Doktrin margin of appreciation dikembangkan terutama oleh European Court of Human Rights (ECHR) dalam jurisprudensinya. Dalam kasus Handyside v. United Kingdom (1976), ECHR menyatakan bahwa otoritas nasional berada dalam posisi yang lebih baik dibandingkan hakim internasional untuk menilai kebutuhan pembatasan hak tertentu dalam masyarakat demokratis.
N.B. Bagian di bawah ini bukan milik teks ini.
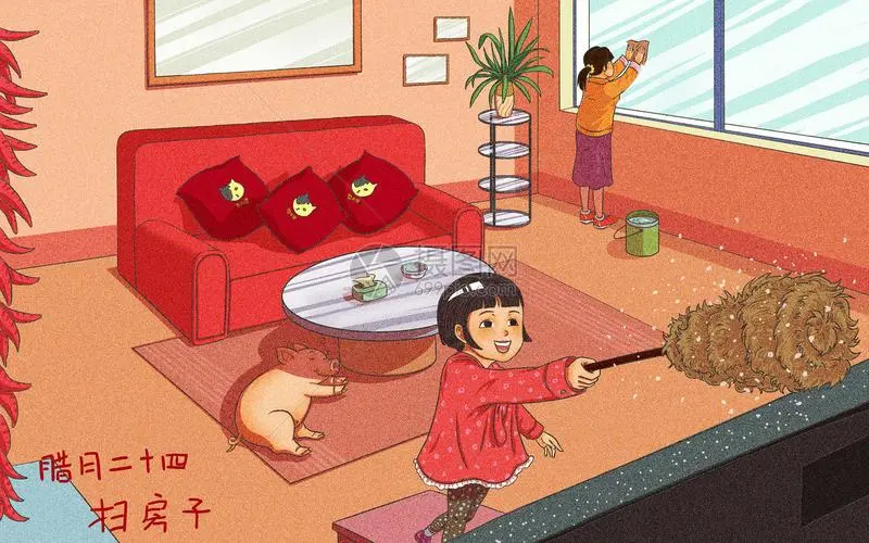 中国自古以来就有过年大扫除的习俗。每年春节前,中国家庭都会清理自己的房屋、电器、床上用品和窗帘。由于“尘”字在汉语中与“旧”谐音,人们希望通过打扫来驱走厄运或旧物。这一习俗体现了中国人破旧立新的愿望。
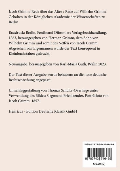 Jacob Grimm: Rede über das Alter / Rede auf Wilhelm Grimm. Gehalten in der Königlichen Akademie der Wissenschaften zu BerlinErstdruck: Berlin, Ferdinand Dümmlers Verlagsbuchhandlung, 1863, herausgegeben von Herman Grimm, dem Sohn von Wilhelm Grimm und somit des Neffen von Jacob Grimm. Abgesehen von Eigennamen wurde der Text konsequent in Kleinbuchstaben gedruckt.Neuausgabe, herausgegeben von Karl-Maria Guth, Berlin 2023.Der Text dieser Ausgabe wurde behutsam an die neue deutsche Rechtschreibung angepasst.Umschlagabbildung: Siegmund Friedlaender, Porträtfoto von Jacob Grimm, 1857Gesetzt aus der Minion Pro, 11 pt.Die Sammlung Hofenberg erscheint im Verlag Henricus - Edition Deutsche Klassik GmbH, Berlin

Lebar margin yang diberikan bervariasi tergantung pada jenis hak, sifat pembatasan, dan ada tidaknya konsensus Eropa mengenai isu tersebut.
Meskipun doktrin ini berkembang dalam sistem regional Eropa, konsep serupa juga diterapkan dalam mekanisme HAM universal PBB. Margin of appreciation bukan berarti negara memiliki kebebasan absolut, melainkan tetap dibatasi oleh prinsip proporsionalitas dan necessity. Pengadilan internasional tetap berwenang melakukan pengawasan terhadap tindakan negara untuk memastikan pembatasan hak tidak melampaui batas yang diperbolehkan.
Contoh Kasus
Dalam kasus S.A.S. v. France (2014), ECHR menerapkan margin of appreciation ketika menilai larangan penutup wajah (burqa ban) di Prancis. Mahkamah memberikan margin yang luas kepada Prancis dan memutuskan bahwa larangan tersebut tidak melanggar Pasal 8 (hak privasi) dan Pasal 9 (kebebasan beragama) Konvensi HAM Eropa karena bertujuan melindungi ketertiban umum dan kebersamaan hidup (living together).